Subject: RE: "Derivative Work" for Software Defined
From: "Lawrence E. Rosen" <lrosen@rosenlaw.com>
Date: Wed, 15 Jan 2003 10:46:00 -0800

Scott,

> You keep returning to contract obligations. But, I'm not
> relying on any contract obligations. Any distribution that 
> includes copyrightable material from B needs the permission 
> of B's copyright owner. The hypothetical that I've presented 
> includes distribution of B. Thus, B's permission is needed. 
> I'm trying to understand the conditions the copyright owner 
> has attached to the copyright owner's offer of permission to 
> distribute B (the conditions in the GPL). So, the conditions 
> specified in the GPL are relevant to what someone needs to do 
> in order to legally distribute A+B, without regard to whether 
> A+B is has some special status as a protected copyrightable
> work (B's protectable status is enough).

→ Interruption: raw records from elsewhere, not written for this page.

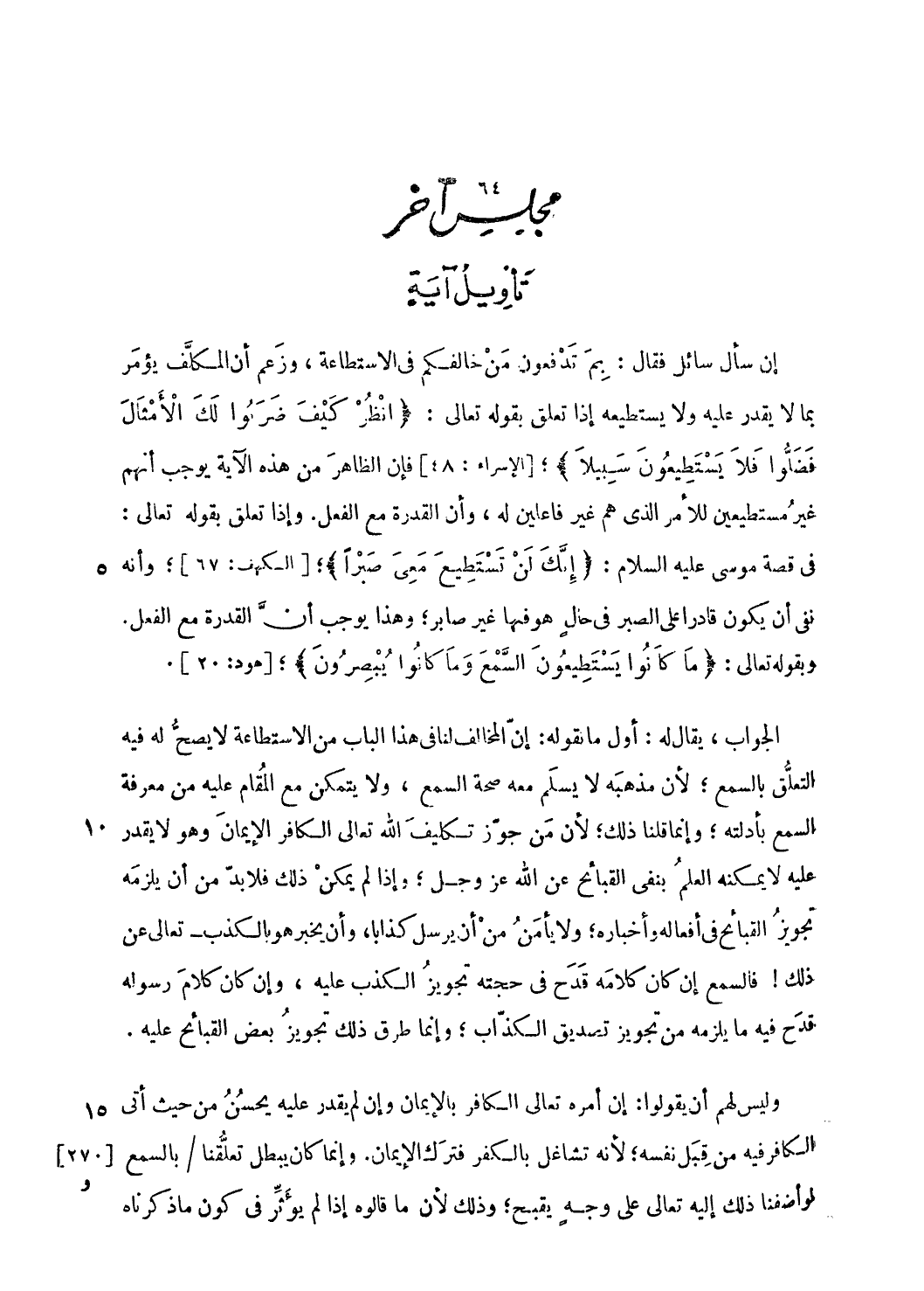 إن سأل سائل فقال: بم تدفعون من خالفكم فى الاستطاعة، وزعم أن المكلّف يؤمر بما لا يقدر عليه ولا يستطيعه إذا تعلق بقوله تعالى: انْظُرْ كَيْفَ ضَرَبُوا لَكَ الْأَمْثالَ فَضَلُّوا فَلا يَسْتَطِيعُونَ سَبِيلًا؛ [الإسراء: 48] فإن الظاهر من هذه الآية يوجب أنهم غير مستطيعين للأمر الّذي هم غير فاعلين له، وأن القدرة مع الفعل. وإذا تعلق بقوله تعالى:
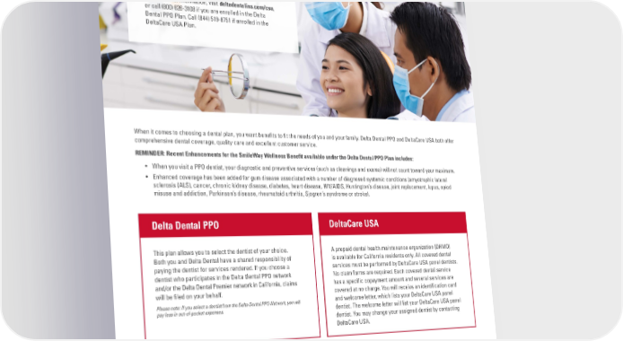 DENTAL PLANS Delta Dental and DeltaCare USA The CSU pays 100% of the monthly premium cost for dental coverage for you and your eligible dependents, including a spouse or a registered domestic partner and/or children up to age 26. For additional information, visit deltadentalins.com/csu, or call (800) 626-3108 if you are enrolled in the Delta Dental PPO Plan. Call (844) 519-8751 if enrolled in the DeltaCare USA Plan. When it comes to choosing a dental plan, you want benefts to ft the needs of you and your family. Delta Dental PPO and DeltaCare USA both offer comprehensive dental coverage, quality care and excellent customer service. REMINDER: Recent Enhancements for the SmileWay Wellness Beneft available under the Delta Dental PPO Plan includes: • When you visit a PPO dentist, your diagnostic and preventive services (such as cleanings and exams) will not count toward your maximum. • Enhanced coverage has been added for gum disease associated with a number of diagnosed systemic conditions (amyotrophic lateral sclerosis (ALS), cancer, chronic kidney disease, diabetes, heart disease, HIV/AIDS, Huntington’s disease, joint replacement, lupus, opiod misuse and addiction, Parkinson’s disease, rheumatoid arthritis, Sjogren’s syndrome or stroke). Delta Dental PPO DeltaCare USA This plan allows you to select the dentist of your choice. A prepaid dental health maintenance organization (DHMO) Both you and Delta Dental have a shared responsibility of is available for California residents only. All covered dental paying the dentist for services rendered. If you choose a services must be performed by DeltaCare USA panel dentists. dentist who participates in the Delta Dental PPO network No claim forms are required. Each covered dental service and/or the Delta Dental Premier network in California, claims has a specifc copayment amount and several services are will be fled on your behalf. covered at no charge. You will receive an identifcation card Please note: If you select a dentist from the Delta Dental PPO Network, you will and welcome letter, which lists your DeltaCare USA panel pay less in out-of-pocket expenses. dentist. The welcome letter will list your DeltaCare USA panel dentist. You may change your assigned dentist by contacting DeltaCare USA. OTHER EMPLOYER-PROVIDED BENEFITS CSU Employer-Paid Basic Life, AD&D and Long-Term Disability The CSU provides Basic Life, Accidental Death & Dismemberment (AD&D) and Long-Term Disability (LTD) to specifc employee groups at no cost through The Standard. Some components of the Basic Life insurance contain travel assistance, portability of insurance, funeral arrangements, identity theft prevention and estate planning. LTD insurance is intended to replace a portion of your income by providing a monthly beneft if you cannot work for an extended period of time because of illness or injury. 13
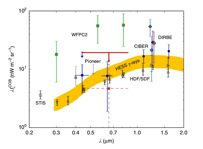 The cosmic optical background (COB), as determined by ref. 4, is shown as both an upper limit (red) and a mean (red star). Previous results in the literature are shown, also.

I keep returning to contract obligations because under copyright law
there are only a limited set of exclusive rights that may be licensed,
namely to make copies, prepare derivative works, distribute copies,
perform and display.  Where in the statute is there any reference to an
exclusive right to make a "work based on the Program" or a "Larger
Work"?  How is a court to interpret those phrases?  Why should the court
even try to do so?  Are those things more than a derivative work or
less?  Why is the licensor's interpretation of those phrases in any way
binding upon licensees?  

The GPL grants an unlimited right to make copies but a conditional right
to make derivative works (with some other words in the license about a
limited right to make a "work based on the Program").  The only way a
judge can interpret that license is to determine whether what is being
made -- your A+B, for example, where A is the GPL-licensed work --
involves making a copy of A or creating a derivative work of A.  If the
former, then the license is clear that there are no reciprocal
obligations.  If the latter, then the license is also clear that the
author of A+B must disclose his source code.  

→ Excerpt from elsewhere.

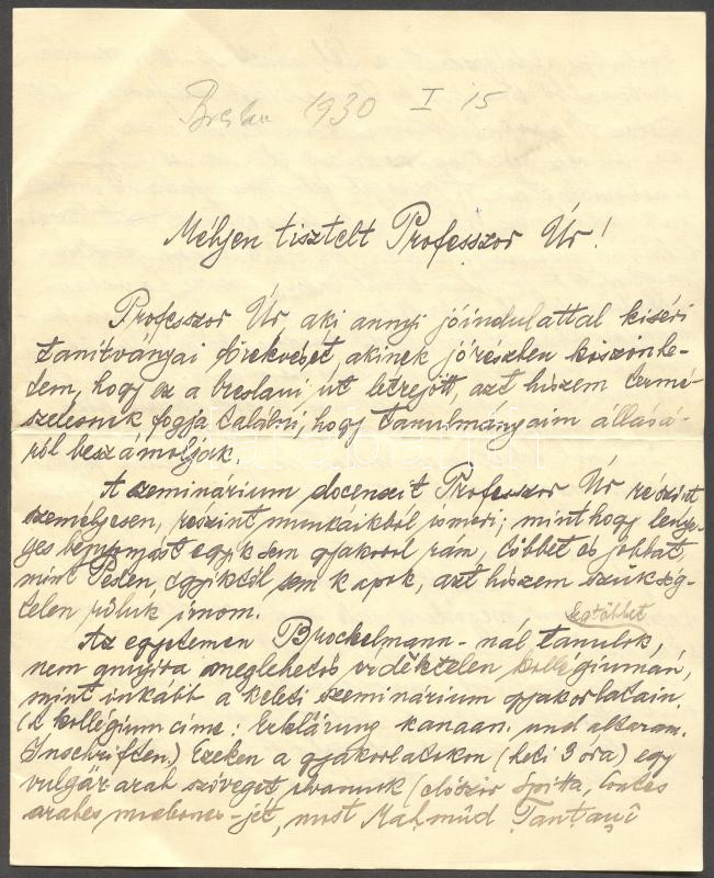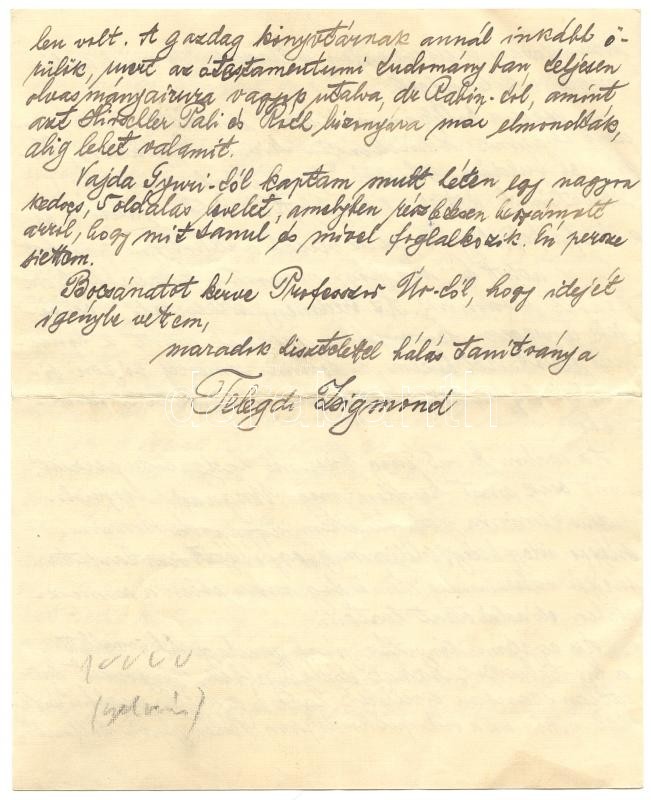 1930 Telegdi Zsigmond iranista és nyelvész saját kézzel írt levele Lyka Károlynak? melyben breslaui tanulmányútjáról számol be. 4 beírt oldal
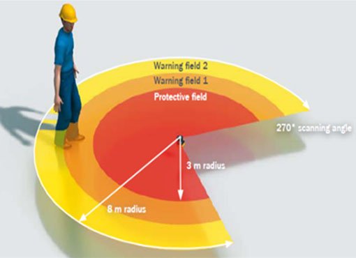 安全避障區域可以跟隨AGV行駛方向及動作進行切換。能在前進、轉彎、橫移等方向上根據車速動態調整避障范圍及區域。

That's the question we've all been struggling with.  Does linking
require merely the making of a copy or is it the creation of a
derivative work?  We're now back at square one.  

How does the language you quoted from section 2 help the judge perform
that analysis?  Why should the judge care at all that those other words
are in the license, given that there is no proof whatsoever that the
licensee either read or assented to that extra language?  

If the GPL is just a copyright license then none of that extra language
matters.  The only question is, has a license been granted to make a
copy or to create a derivative work?

But if you've got a contract to which the licensee assented, then the
licensee is bound by the entire contract.  The court is required to
interpret a contract in light of the entire document, attempting to find
a consistent interpretation that most nearly satisfies the agreed
objectives of the parties.  The definitions in the contract will guide
its interpretation.

I am perplexed by the apparent reluctance of the authors of the GPL and
by you to allow the GPL to *also* be treated as a contract.  If one does
that, all the problems you're pointing out disappear.  There will no
longer be any ambiguity because the *contract* would have to be
interpreted as a whole, not merely as a copyright license.  What would
the GPL lose by also being treated as a contract?  

The GPL would have much to gain by being treated as a contract.  Most
importantly, it would become enforceable by any licensor and not just by
a copyright holder.

Your invitation to "sit back in the comfort of some overstuffed chairs,
possibly with a beverage in hand, and have a relaxing interactive
discussion" is gratefully accepted.  Depending upon the beverage I might
even be convinced of the correctness of your analysis, but that will
take more than one drink.  :-)  I think we're both going to be in
Seattle soon at the same meeting, so perhaps then????